Invierno y amigos
Por
Alejandra Tenaglia
Los anillos bailan en los dedos, con riesgo de
perderse. Los pies se encogen dentro de los zapatos, como queriendo
amontonarse. La piel se torna paliducha y el rostro es de sala de espera. No
hay claridad por las mañanas ni tardecitas para sentarse en la intemperie ni
charlas con paseantes que ignoren la prisa, el clima urge todas las partidas.

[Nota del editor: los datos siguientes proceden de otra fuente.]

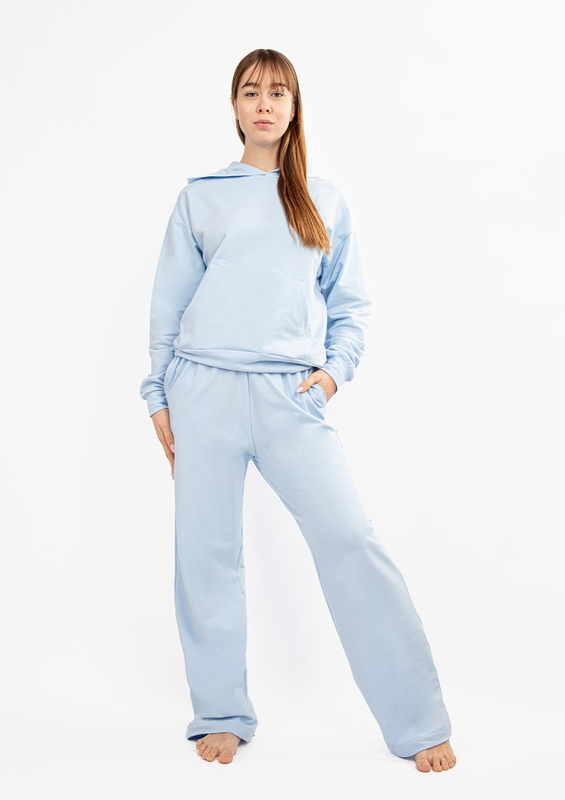 Komplet sportowy bluza z kapturem i "kangurką" oraz szerokie spodnie Dk-k-b8 - błękit bawełna - Dkaren
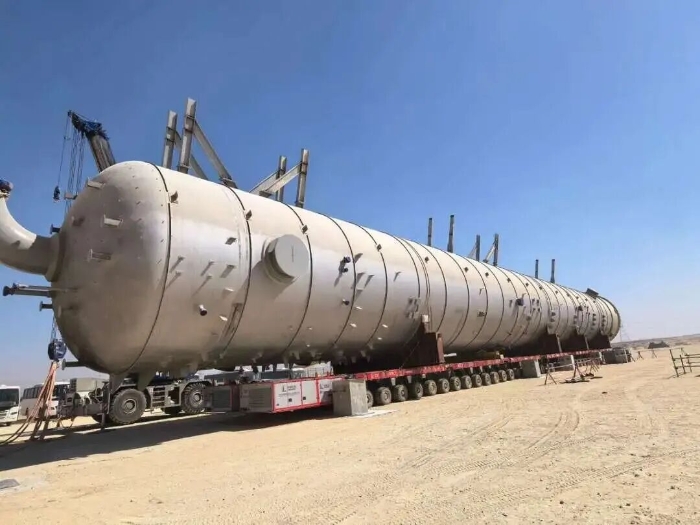 此次吊装的塔器体积庞大、结构复杂,加之当地风速多变、沙尘频发,对高空作业的精度与设备稳定性构成严峻考验。

Hay puñados de estudiantes avanzando cual montañitas de lana y frisa, bromeando
casi todo, abarcando la vida con sus risotadas vaporosas medio escondidas en
altas chalinas. Hay evidencia ineludible de la singularidad de cada voz, que
permite descubrir quién es el portador, pues son pocos los rastros a la vista que
ayuden en la identificación. Hay corridas en las entradas, empujoncitos
acompañados de un siempre presente “vamos vamos que hace frío”. Hay matecito
caliente a toda hora, desesperado y abrazado con las manos. Hay café con leche
con pan y manteca y miel. Hay hornos marchando con furor, mucho más seguido que
en otras épocas del año. Hay pucheros, estofados, guisos, pastas, bagna cauda, sopa
y más sopa para izar la temperatura corporal. Hay puteadas a la hora de salir
sí o sí y francas alegrías a la hora de permanecer junto a alguna llamita. Hay
recuerdos de frazada en el piso junto a la ventana, justo allí donde empezaba a
dar el solcito promediando la siesta y la infancia, con mi nona, que pasaba de
ser peinada a ser maquillada a ser trampolín de saltos y víctima de cariños
desmesurados, como sólo de niños nos arrojamos a darlo. Hay ganas de ovillarse
en el sillón, control remoto en mano y mantita cerca, más algún chocolate para sobre
enriquecer el rato. Hay un libro esperando avanzar sus páginas, a la diestra de
un tecito que da la voz de largada. Hay quejas matrimoniales por el modo de
girar en la cama sin el cuidado indispensable para que el chiflete que
permanece expectante, no encuentre su oportunidad de filtrarse. Hay ventanas
que reverberan de viento, vidrios escarchados y/o empañados, sectores de la
casa donde pasamos corriendo. Hay calefactores, estufas, salamandras, todos
ahora devenidos en lugar inmediato de reunión, pudiendo suceder hasta alguna
pequeña riña por la ubicación en torno a ellos. Hay resfríos repetidos,
repetitivos, repelidos con paliativos mientras el cuerpo no duela enterito y los
ojos lloren alternativa pero continuamente, pues entonces, el reposo obligado
con antibióticos será la única manera de recuperar la vitalidad para andar y la
esperanza de respirar sin tanto inconveniente. Hay por las dudas y por si
acaso, pañuelitos descartables en casi todos los bolsillos empezando por el
jean y terminando en el saco. Hay gorros de lana y boinas variadas envanecidas
por su protagónico momento. Hay pulóveres y chalecos revelando destrezas y
habilidades de quienes a dos agujas o con crochet, tejen igualmente sus
afectos. Hay medias hasta la rodilla, calzas debajo de los pantalones, cancanes
con lo que venga, camiseta más camisa más pullover más sobretodo, poleras
estiradas hasta donde les dé la tela, guantes con poca predisposición a mantenerse
en pareja y destinos insólitos (para no hablar en verdad de la brujería que
opera con ellos haciéndolos desaparecer en el instante en que más los
necesitamos). Las mascotas duermen satisfechas en los rincones más calentitos o
en cuchas especialmente preparadas para la temporada de baja graduación. En las
ciudades, los hogares de tránsito dan amparo a los que viven en la calle
acuciados por dramas inenarrables que hacen pie en carencias de toda estirpe.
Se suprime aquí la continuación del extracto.